### What is being asked:
Please reproduce the data exactly, though every picture must stay out.

### Data extract:
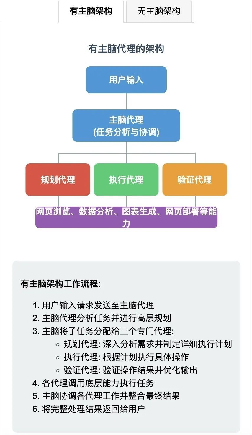 当然也有可能根本不需要主脑,以规划代理同时承担工作协调的能力。
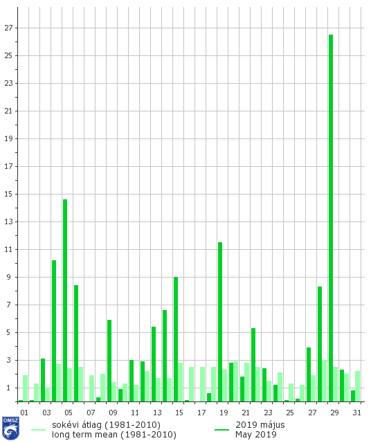 Országos átlagban 132,9 mm csapadék hullott májusban, ami az 1981-2010-es átlag 213%-a. Ezzel a 2019-es a 3. legcsapadékosabb május 1901 óta, mindössze 2 mm-rel elmaradva a rangsorban második 1939-estől. Még a kevésbé csapadékos északkeleten levő állomásokon is elérte a sokéves átlagot a májusi csapadék mennyisége. Az ország legnagyobb részén a szokásos havi érték 2–2,5-szerese fordult elő. Zalában, a Rába és Kapos folyók mentén, foltokban a Dél-Alföldön és délkeleten, a főváros térségében, a Mátrától délre, valamint egyes hegységeinkben a normálérték 250–300%-a, helyenként több mint 300%-a esett le a hónap során.
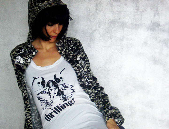 D’autant que ses créatrices (oui, il va de soi que Lady Fantôme n’est pas d’une époque à surfer sur la toile…) ont décidé en plus du récit de l’abracadavrante vie de leur égérie, d’inviter carrément le gothique dans nos placards (après ma malle hantée, me voilà bien achalandée) sous la forme d’impressions sur tshirts et sacs positivement effrayants.
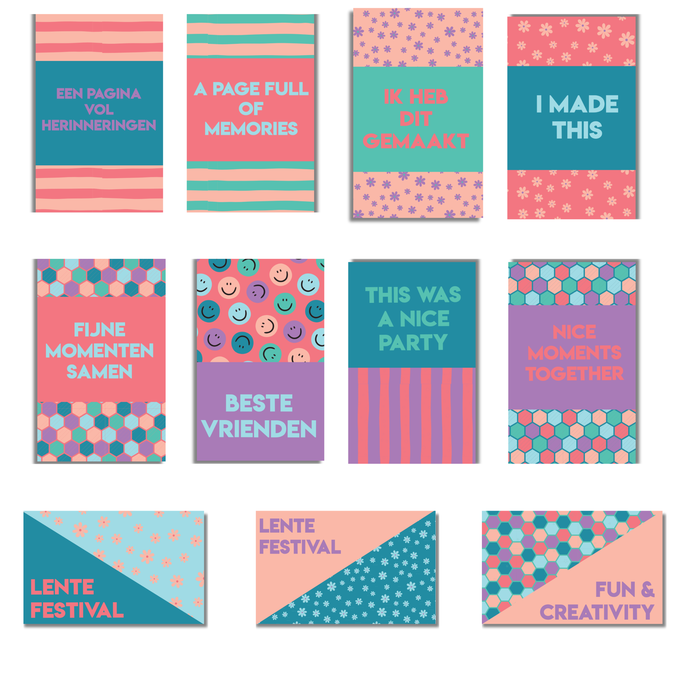 De Lentefestival quotekaartjes zijn geschikt voor pagina’s over creatieve dagen, workshops, beursbezoeken, vriendinnenuitjes en lente-evenementen. Korte teksten geven je pagina direct een duidelijke titel of extra context zonder dat je veel hoeft te schrijven. Gebruik ze als label, accent of blikvanger op je scrapbookpagina’s en combineer ze met foto’s van je creatieve projecten of gezellige momenten.

### Exercise output:
 当然也有可能根本不需要主脑,以规划代理同时承担工作协调的能力。
 Országos átlagban 132,9 mm csapadék hullott májusban, ami az 1981-2010-es átlag 213%-a. Ezzel a 2019-es a 3. legcsapadékosabb május 1901 óta, mindössze 2 mm-rel elmaradva a rangsorban második 1939-estől. Még a kevésbé csapadékos északkeleten levő állomásokon is elérte a sokéves átlagot a májusi csapadék mennyisége. Az ország legnagyobb részén a szokásos havi érték 2–2,5-szerese fordult elő. Zalában, a Rába és Kapos folyók mentén, foltokban a Dél-Alföldön és délkeleten, a főváros térségében, a Mátrától délre, valamint egyes hegységeinkben a normálérték 250–300%-a, helyenként több mint 300%-a esett le a hónap során.
 D’autant que ses créatrices (oui, il va de soi que Lady Fantôme n’est pas d’une époque à surfer sur la toile…) ont décidé en plus du récit de l’abracadavrante vie de leur égérie, d’inviter carrément le gothique dans nos placards (après ma malle hantée, me voilà bien achalandée) sous la forme d’impressions sur tshirts et sacs positivement effrayants.
 De Lentefestival quotekaartjes zijn geschikt voor pagina’s over creatieve dagen, workshops, beursbezoeken, vriendinnenuitjes en lente-evenementen. Korte teksten geven je pagina direct een duidelijke titel of extra context zonder dat je veel hoeft te schrijven. Gebruik ze als label, accent of blikvanger op je scrapbookpagina’s en combineer ze met foto’s van je creatieve projecten of gezellige momenten.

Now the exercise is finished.